Synthesis, Characterization, and Cyclic Stress Influenced Degradation of a Poly(Ethylene) Glycol Based Poly(Beta-Amino Ester)

• Main Author: Keim, Terra Ann
• Published: Georgia Institute of Technology 2008
• Subjects: Biodegradable polymer; Stress-influenced degradation; Photopolymers; Biopolymers; Biodegradable products; Polymers in medicine
• Online Access: http://hdl.handle.net/1853/19872

Poly(beta-amino esters) are photopolymerizable and biodegradable polymers prepared by the combination of amines with diacrylates. This study aims to fundamentally understand the polymer network formed by poly(ethylene)glycol diacrylate (PEGDA) MW 700 and 3-methoxypropylamine (3MOPA) as well as to characterize the degradation response of this material with and without cyclic loading. The networks were formed by a two-step process; (1) the synthesis of amine-co-peg diacrylate macromers through a step growth reaction, followed by (2) UV initiated chain growth network formation of the diacrylated macromers. Macromer reaction chemistry was confirmed by 1H NMR measurements. UV calorimetric analysis revealed that network formation was dependent on molecular weight of the PEGDA monomer and light intensity, but not temperature in the range of 20 °C to 40 °C. The glass transition temperature of all networks was measured to be in the range of -40 °C to -30°C with a rubbery moduli ranging from 4 to 10 MPa, depending on the molecular weight of the PEGDA monomer.
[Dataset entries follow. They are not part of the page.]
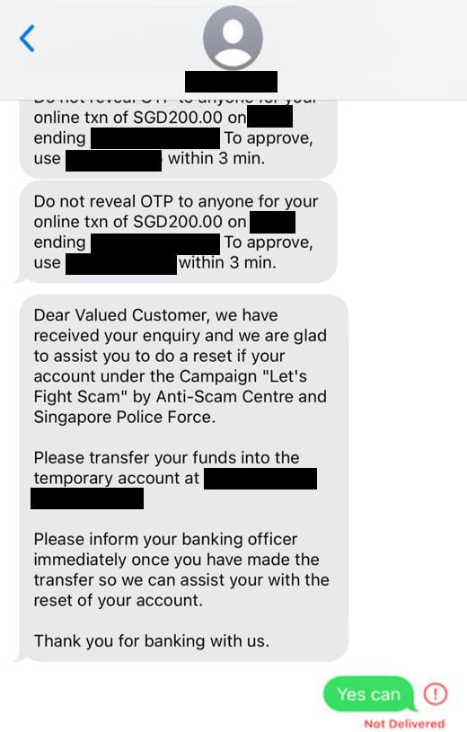 The police added: "In some cases, victims would receive an SMS with headers spoofing that of the bank to appear more authentic, claiming that the bank was facilitating a reset of the victims’ bank account as part of the 'Let’s Fight Scam' Campaign by the Anti-Scam Centre and Singapore Police Force, or would state that the victim needed to transfer money for early loan settlement."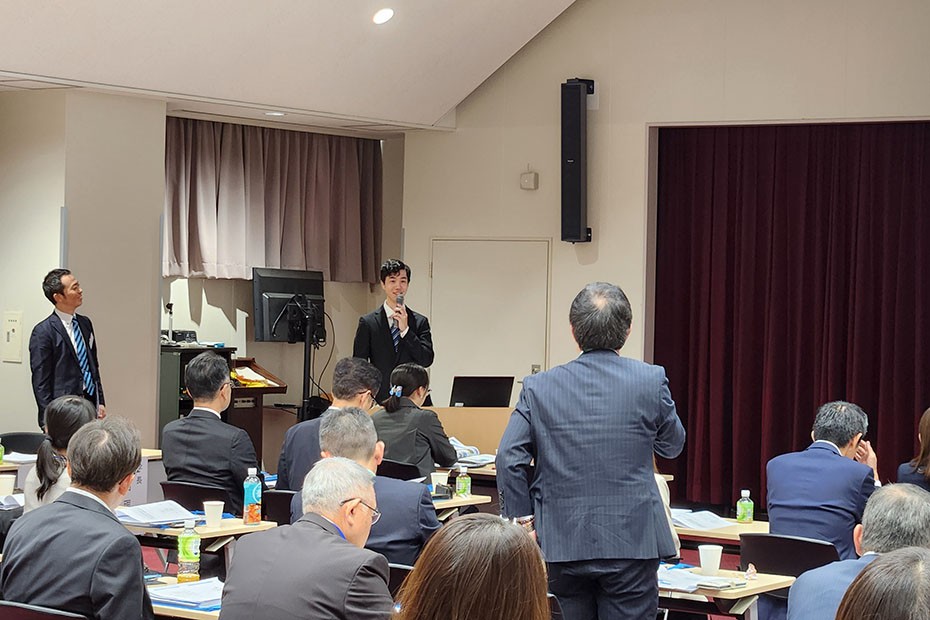 村山学長の挨拶および学園概況の説明に続き、各学部・大学院の担当教員が本学の特色を紹介しました。その後、学生が学部・大学院での学びと研究について発表を行い、発表後には活発な質疑応答が行われ、企業の皆様の高い関心と期待がうかがえました。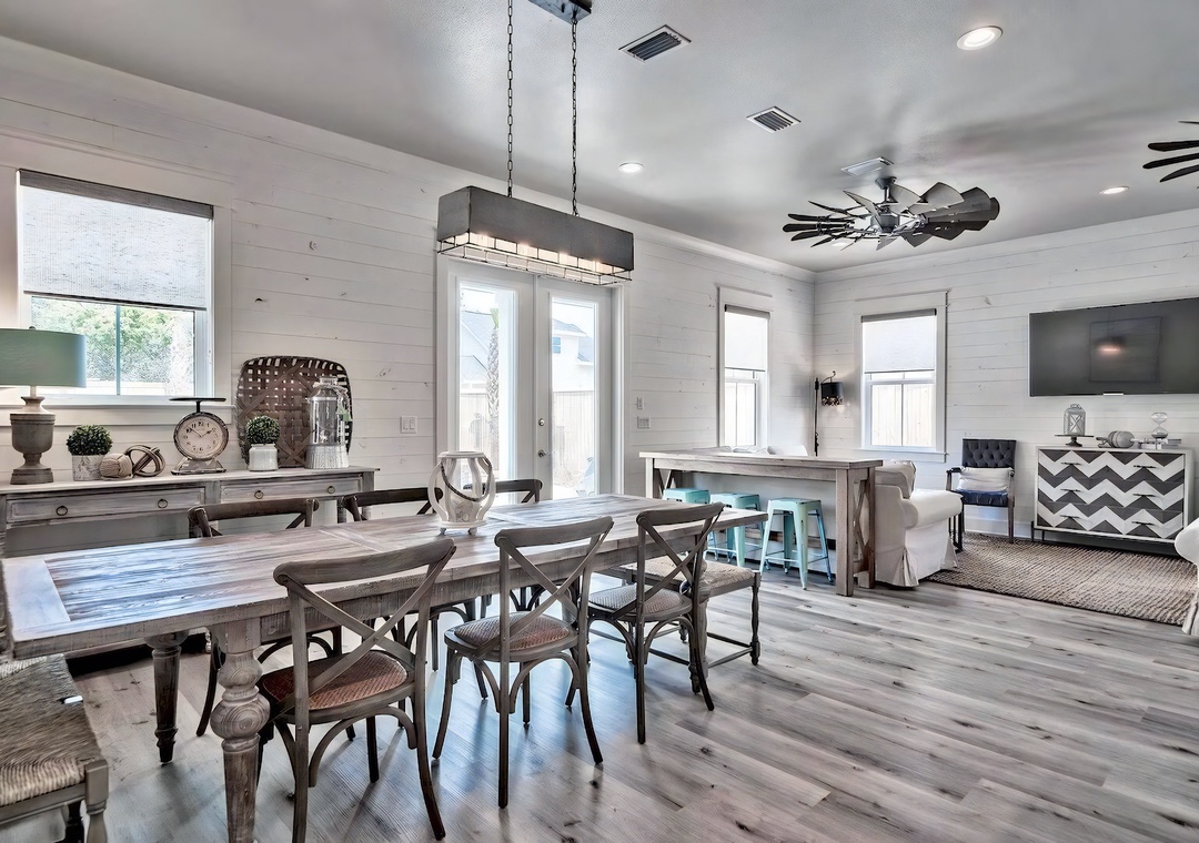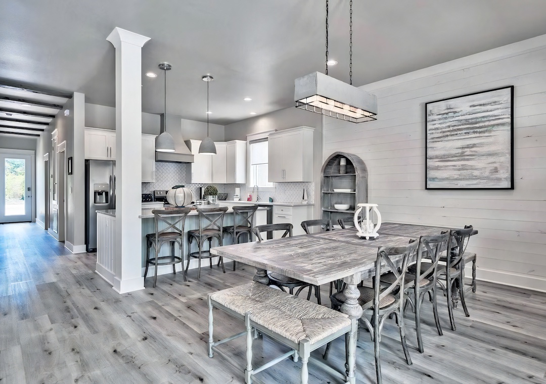 Dining Room: Next to the kitchen, the dining space centers around a wooden table with seating for 10, combining chairs and bench seating.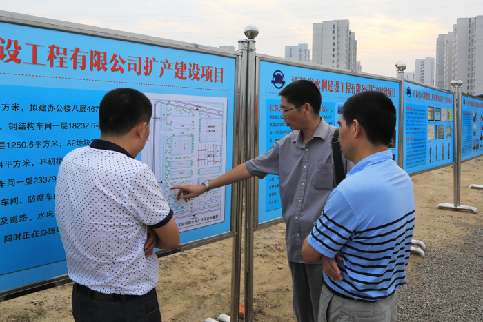8月26日下午,揚(yáng)州市委書(shū)記謝正義來(lái)到我公司廣陵產(chǎn)業(yè)園新基地建設(shè)工地,調(diào)研項(xiàng)目建設(shè)情況。謝書(shū)記指出,公司要抓住水利大投入的機(jī)遇,加快擴(kuò)產(chǎn)項(xiàng)目的建設(shè),擴(kuò)大水利機(jī)械設(shè)備產(chǎn)業(yè)規(guī)模,做大做強(qiáng)企業(yè)。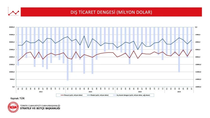 İhracatın ithalatı karşılama oranı Ocak-Şubat 2025 döneminde yüzde 73,2 iken bu yılın aynı döneminde yüzde 70,4'e geriledi.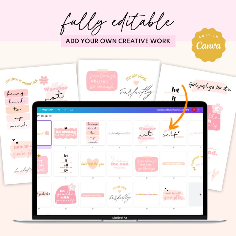 Ideal for entrepreneurs, digital planners, and mental health advocates aiming to provide inspiring and customizable content to their audience.

Partial crystallization was discovered to occur in the networks containing higher molecular weight PEGDA only in the presence of humidity and high frequency cyclic loading. Degradation studies were performed with and without applied cyclical stress, and in both cases elastic modulus decrease and mass loss occurred steadily over a 24-hour period. Increasing frequency of applied compressive stress during degradation served to slightly lower degradation rates, especially in samples cycled at high frequency, which crystallized. In all materials, applied cyclic load resulted in catastrophic fracture of the material prior to an appreciable decrease in modulus. The experiments reveal that degradation rate and failure mode can be influenced by the addition of cyclic loading and this should be considered when screening biodegradable polymers for applications that include mechanical loading.